[](https://github.com/tpisto/fuzzy_prefix_search)
[](https://crates.io/crates/fuzzy_prefix_search)
[](https://docs.rs/fuzzy_prefix_search)
[](https://github.com/tpisto/fuzzy_prefix_search/actions?query=branch%3Amain)
# Fuzzy Prefix Search
Flexible Trie implementation in Rust for fuzzy prefix string searching and auto-completion.
Documentation:
- [API reference (docs.rs)](https://docs.rs/fuzzy_prefix_search)
## Features
- Prefix-based fuzzy searching (Levenshtein distance)
- Fuzzy search with customizable edit distance
- Multiple data associations per word
- Jaro-Winkler similarity scoring for search results
- Thread safe
- No dependencies
## Installation
Add this to your `Cargo.toml`:
```toml
[dependencies]
fuzzy_prefix_search = "0.2"
```
## Usage
Here's a quick example of how to use the Fuzzy Prefix Search:
```rust
use fuzzy_prefix_search::Trie;
fn main() {
let mut trie = Trie::new();
// Insert words with associated data
trie.insert("apple", 1);
trie.insert("application", 2);
trie.insert("appetite", 3);
// Perform a fuzzy search
let results = trie.search_within_distance("appl", 1);
for result in results {
println!("Word: {}, Data: {:?}", result.word, result.data);
}
// Search with similarity scoring
let scored_results = trie.search_within_distance_scored("aple", 2);
for result in scored_results {
println!("Word: {}, Data: {:?}, Score: {}", result.word, result.data, result.score);
}
}
```
## Advanced Usage
### Custom Data Types
The Trie supports any data type that implements `Clone`, `PartialEq`, `Eq`, and `Hash`:
```rust
#[derive(Clone, PartialEq, Eq, Hash)]
struct CustomData {
id: u32,
value: String,
}
let mut trie = Trie::new();
trie.insert("example", CustomData { id: 1, value: "Test".to_string() });
```
### Removing Data
You can remove all occurrences of a specific data value:
```rust
trie.remove_all(&2);
```
## Performance
- O(k) time complexity for insertion, where k is the length of the word
- Space-efficient storage using a tree structure with shared prefixes
- TODO: Benchmarks, optimizations, algorithm selection...
Caveat Emptor: we use *unsafe* in deletes for 2x read performance compared to Rc/RefCell approach.
## Contributing
Contributions are welcome!

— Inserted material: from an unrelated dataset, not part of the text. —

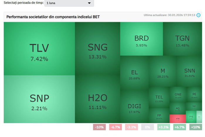 Bursa de Valori Bucureşti a consemnat în ianuarie 2026 cea mai bună lună din ultimii 14 ani din perspectiva creşterii indicelui BET, care a urcat cu 11,26%, cel mai rapid ritm lunar din ianuarie 2012 încoace, pe fondul continuării raliului început la finalul lui 2025 şi al revenirii apetitului investitorilor pentru risc.

Please feel free to submit a Pull Request.
## Resources
- https://phiresky.github.io/levenshtein-demo/
- https://www.geeksforgeeks.org/trie-insert-and-search/
- http://stevehanov.ca/blog/?id=114
- https://murilo.wordpress.com/2011/02/01/fast-and-easy-levenshtein-distance-using-a-trie-in-c/
- https://blog.vjeux.com/2011/c/c-fuzzy-search-with-trie.html
## License
This project is licensed under the MIT or Apache 2.0 License - see the [LICENSE](LICENSE) files for details.